Business practices: how high-tech firm Thales is upping the pace of educational innovation and the ‘marketing’ of solutions that better meet the needs of professions and employees

More than 18 months ago Jean-Roch Houllier, director of educational innovation at the Thales Learning Hub, established a structure geared towards helping his company’s training system meet new demands and “above all remain at the hub of an arena that has become considerably more complex with the arrival of new players”, which has led to a kind of “uberisation” of training. Before thinking about this new structure and strategy, Houllier needed to closely analyse the ways the world of training is being transformed. In an interview with Planet Labor, he shares some of his analysis and recounts how his vision and strategy for education and digital came about.

Through . Published on 13 January 2020 à 16h10 - Update on 13 January 2020 à 16h10
  • How would you summarise the trends that are currently challenging companies’ training systems?

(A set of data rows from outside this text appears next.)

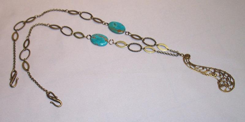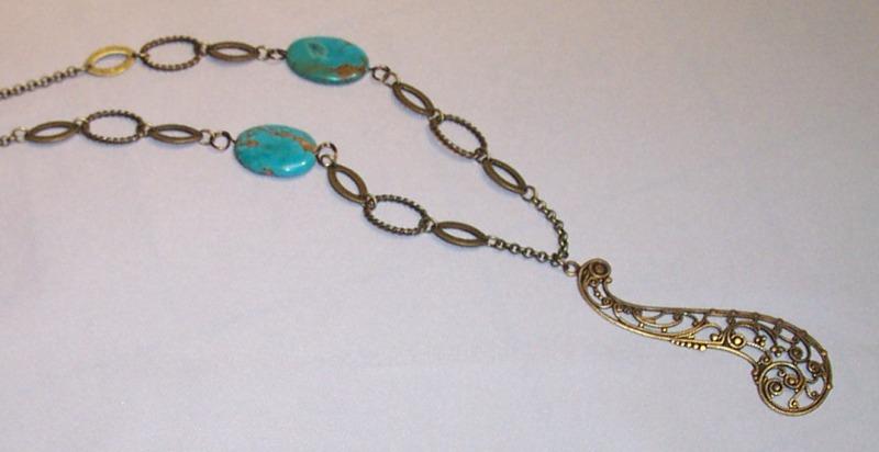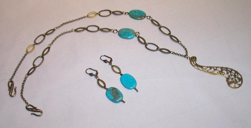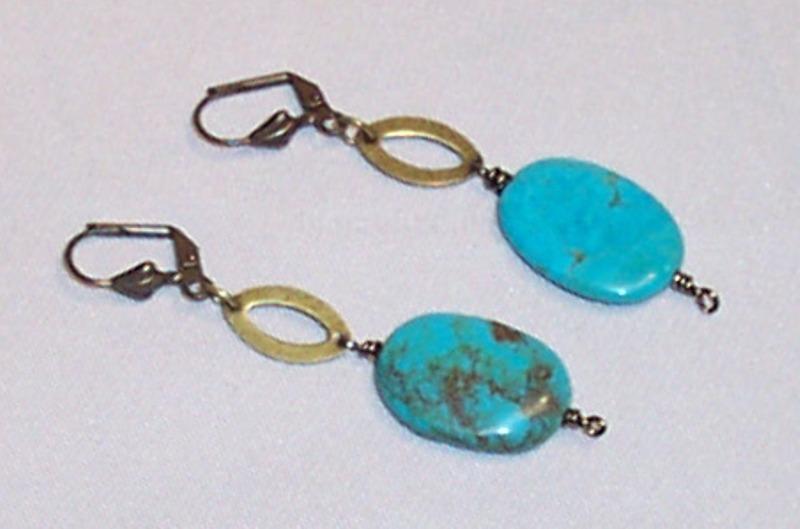 Antique brass, turquoise. Leverback earrings.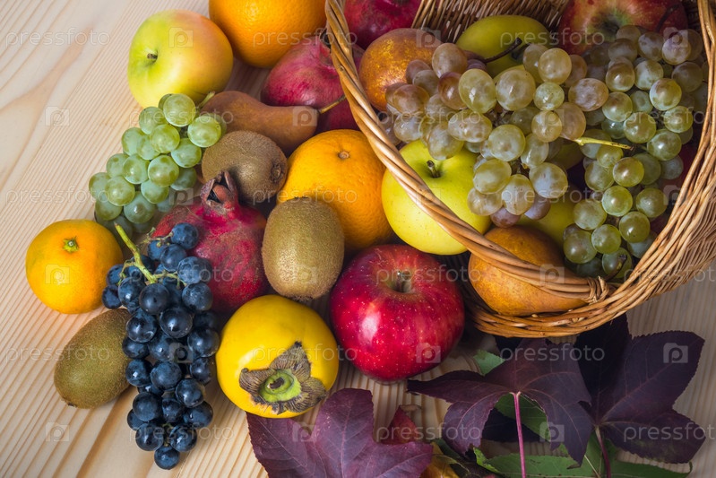 Ассорти фруктов в плетеной корзине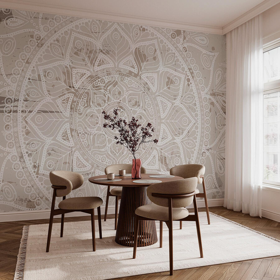 Trasformate qualsiasi spazio con questo splendido murale, “Mandala bianco su superficie marrone”. È come portare a casa vostra un’opera d’arte direttamente da un accogliente caffè. Gli intricati disegni bianchi su uno sfondo caldo e terroso creano un contrasto sorprendente: immaginate di sorseggiare un tè mentre vi immergete in queste vibrazioni. Davvero, invita alla calma come un dolce abbraccio.
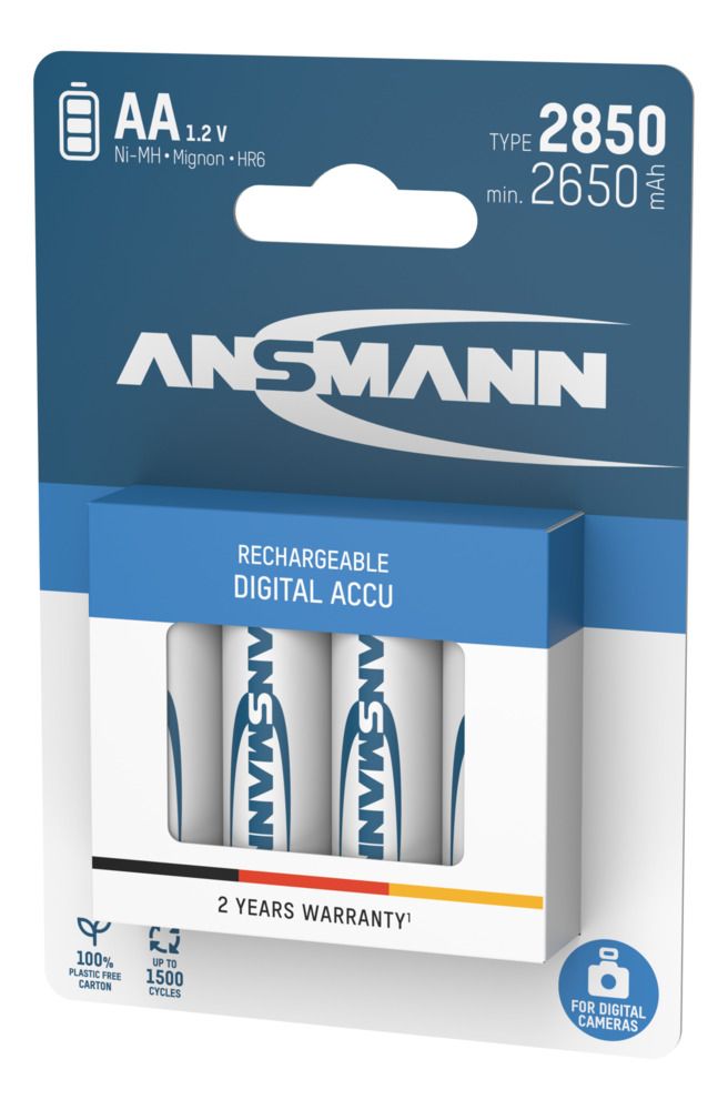 This is NiMH Rechargeable AA Batteries 2850mAh manufactured by Ansmann. The manufacturer part number is 5035092. The module has the capacity of 2.85ah. The product has -20 → +50°c of operating temperature range. The number of supplied batteries is/are 4 . Whereas, the minimum operating temperature of the product is -20°c. The nominal voltage of the product is 1.2v. It has a/an nimh chemistry . It has a maximum operating temperature of +50°c. The terminal is a standard type. The product is available in aa size.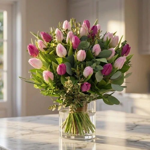 Handgebonden boeket van roze tulpen en afgewerkt met diverse bladamteriaal.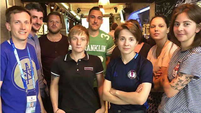 On OS Russia; Ben James has been watching the hosts play their final group stage game of the World Cup with members of a women's football team. Ben talks with them about how Russian women are viewed in football, sport and society.

Jean-Roch Houllier. The first trend is the ubiquity of knowledge, from which results a kind of ‘uberisation’ of the world of education. Today, knowledge is everywhere. There are opportunities to soak up content all over the internet and not only there. This situation has a critical consequence for all institutions involved in the formal and traditional world of training. It raises the question of who ultimately holds knowledge and calls into question the knowledge holder. This necessarily leads to a repositioning in terms of the value proposition of our training systems in our companies, if we want to remain at the hub of training in the future.

The other trend is the rise of attitudes that are more opportunistic and, in a way, more consumerist on the part of our learners.…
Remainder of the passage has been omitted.